Andrews and Arnold[0] offer gigabit, but I'm not surprised the author hasn't heard of them; they never advertise.

[0] https://www.aa.net.uk/



This is due to advertising standards. They are required to advertise "average speed", although how this is actually calculated is nebulous.

A&A not advertising can just say what the link speeds actually are on the product pages.

Other ISP's could do this too, but it would cause confusion having one figure on the advert and one figure on the product pages, and they might get in trouble if they link to the product pages in the adverts.

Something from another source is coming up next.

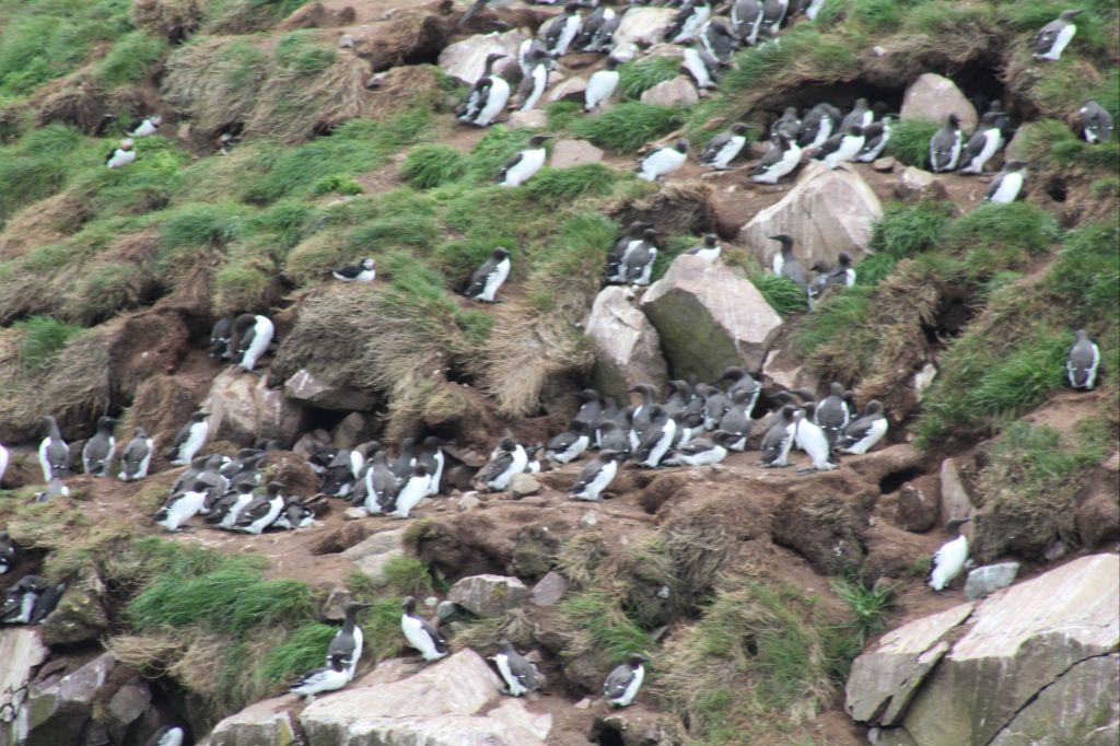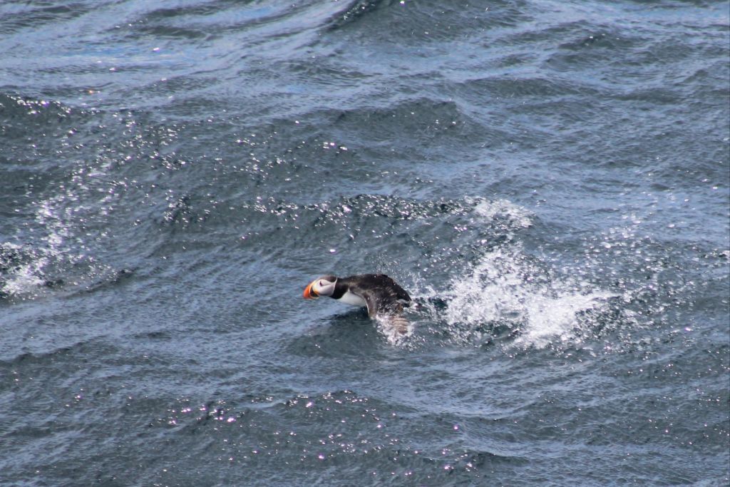 So they did. They took a boat into Witless Bay where the rolling waves tossed them up and down like an amusement ride. They clutched to their skirts, the railing, and their binoculars as they watched thousands of murres and puffins on the islands. Saltwater sprayed over them and the sun baked their faces.

Couldn't they just list link speed and average speed (however that is measured, before or after protocol overhead for example) as two separate lines on the product page?


It’s still nonsense. Everyone doing FTTH is using passive optical networking (PON, or NGPON or XGPON or XGSPON or …) which actually has a line rate of 10Gbps. It then uses TDMA to give each subscriber enough time slots to send and receive at a particular speed. My ISP, Ziply Fiber, just gives every subscriber enough time slots to send at the advertised speed _after_ protocol overhead, even at gigabit and higher speeds. If you buy the 500 Mbps service it really will speed test at 500 Mbps. If you buy gigabit it really will test at 1000Mbps provided you have faster than gigabit Ethernet between you and the router. The router that they rent connects to the ONT at 10Gbps, so speed tests done on the router itself always test at the speed you’re subscribed to.

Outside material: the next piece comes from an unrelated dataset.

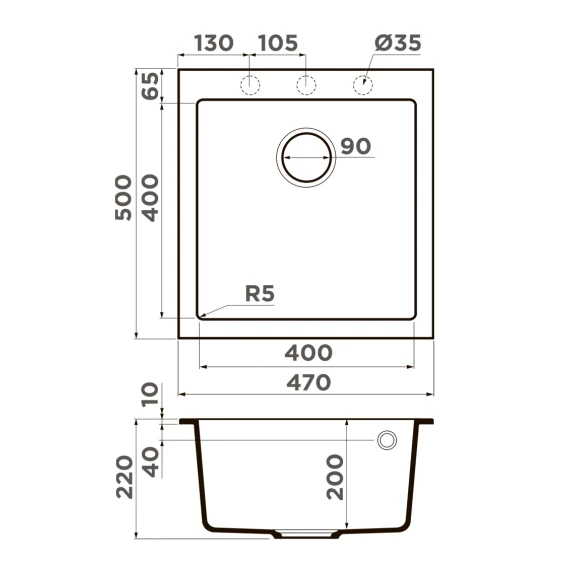 Намеченных отверстий для смесителя

At 10Gbps and above they start using direct–attached fiber (DIA) instead, so the speed you subscribe to is the line rate and it will test lower due to protocol overhead. But if you can max out a 50Gbps link then I think the overhead will not bother you much.

They also allow residential customers to run BGP and use their own addresses. They’re a great ISP.


As others have said, Fibre is a postcode lottery.

A&A is expensive for me. 1Gbps down and 115Mb/s up with a 1TB/mo quota for £75/mo. I get similar speeds (with no download limit) from BT for £34.99/mo.

Community Fibre is £63/mo for symmetric 5Gbps and "unlimited data".

I'm locked into a contract with BT for another year but I don't have any real need for anything faster than 500Mbps right now.

I'm focusing on making my homelab network 10GbE to cover the day that I do manage to get >1Gbps broadband.


It's not true either. Openreach offer a 1.6gbit/sec product now, which ISPs can resell.

I don't understand why he says it's the most expensive places to get internet. You can get 900mbit (really 1gig pre overheads) for ~£30/month on openreach infrastructure which is not the cheapest in the world but it certainly isn't the most expensive.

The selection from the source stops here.